- [Exercise]
Copy word for word the lines of the records below, beginning at the one with "Асимметричный вязаный топ с бахромой, Бежевый" and finishing at the one with "Con un atrevido", ends included, but none of the pictures.

- [Input data]

--- START ---

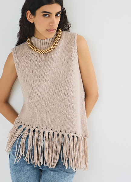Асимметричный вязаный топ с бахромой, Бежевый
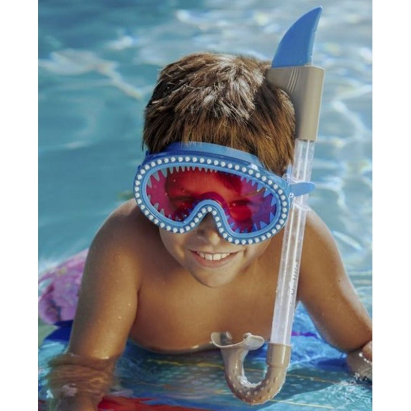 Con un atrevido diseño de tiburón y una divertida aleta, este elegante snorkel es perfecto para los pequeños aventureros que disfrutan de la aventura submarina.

--- END ---
--- START ---

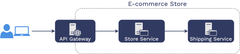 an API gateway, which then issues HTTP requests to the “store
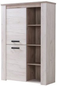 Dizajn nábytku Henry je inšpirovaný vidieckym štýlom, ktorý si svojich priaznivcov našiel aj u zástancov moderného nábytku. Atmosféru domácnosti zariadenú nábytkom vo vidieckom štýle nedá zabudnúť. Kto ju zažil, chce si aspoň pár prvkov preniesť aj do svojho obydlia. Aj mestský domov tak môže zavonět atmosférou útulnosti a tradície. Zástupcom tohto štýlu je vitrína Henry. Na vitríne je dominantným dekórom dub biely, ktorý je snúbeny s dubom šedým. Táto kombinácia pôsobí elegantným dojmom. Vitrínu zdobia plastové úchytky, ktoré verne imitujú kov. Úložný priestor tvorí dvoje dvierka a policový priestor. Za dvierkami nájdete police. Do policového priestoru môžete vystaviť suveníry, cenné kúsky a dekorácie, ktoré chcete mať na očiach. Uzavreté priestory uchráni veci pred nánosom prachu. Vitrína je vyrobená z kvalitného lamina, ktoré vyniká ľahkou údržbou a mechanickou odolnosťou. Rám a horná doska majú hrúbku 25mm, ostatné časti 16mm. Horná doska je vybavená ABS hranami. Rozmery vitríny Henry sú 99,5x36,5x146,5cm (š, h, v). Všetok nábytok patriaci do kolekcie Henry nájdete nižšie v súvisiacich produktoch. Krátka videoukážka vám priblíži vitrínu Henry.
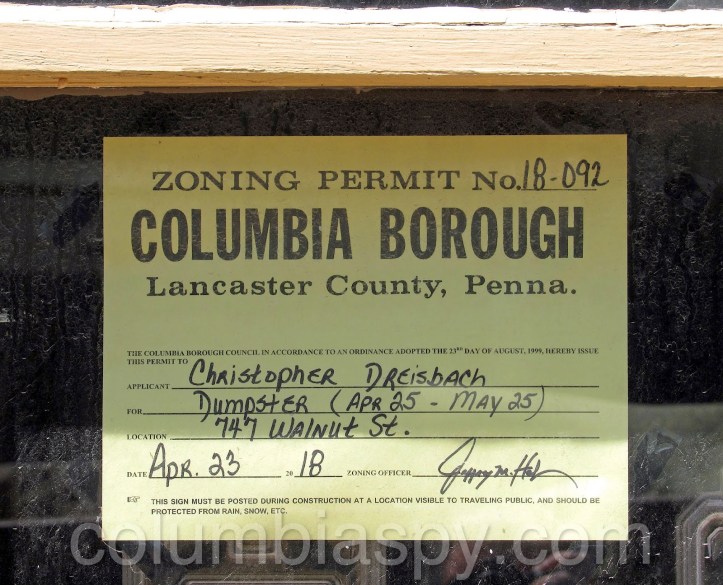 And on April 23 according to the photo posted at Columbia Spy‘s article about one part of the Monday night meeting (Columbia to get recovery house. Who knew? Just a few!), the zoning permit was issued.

--- END ---
--- START ---

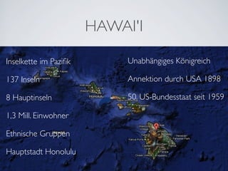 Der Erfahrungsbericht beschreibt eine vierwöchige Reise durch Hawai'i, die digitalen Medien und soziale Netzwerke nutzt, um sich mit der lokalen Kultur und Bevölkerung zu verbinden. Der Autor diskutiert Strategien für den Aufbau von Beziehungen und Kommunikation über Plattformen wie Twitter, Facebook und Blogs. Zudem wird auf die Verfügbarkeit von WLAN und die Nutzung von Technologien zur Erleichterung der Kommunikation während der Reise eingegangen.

--- END ---

- [Output of the exercise]
Асимметричный вязаный топ с бахромой, Бежевый
 Con un atrevido diseño de tiburón y una divertida aleta, este elegante snorkel es perfecto para los pequeños aventureros que disfrutan de la aventura submarina.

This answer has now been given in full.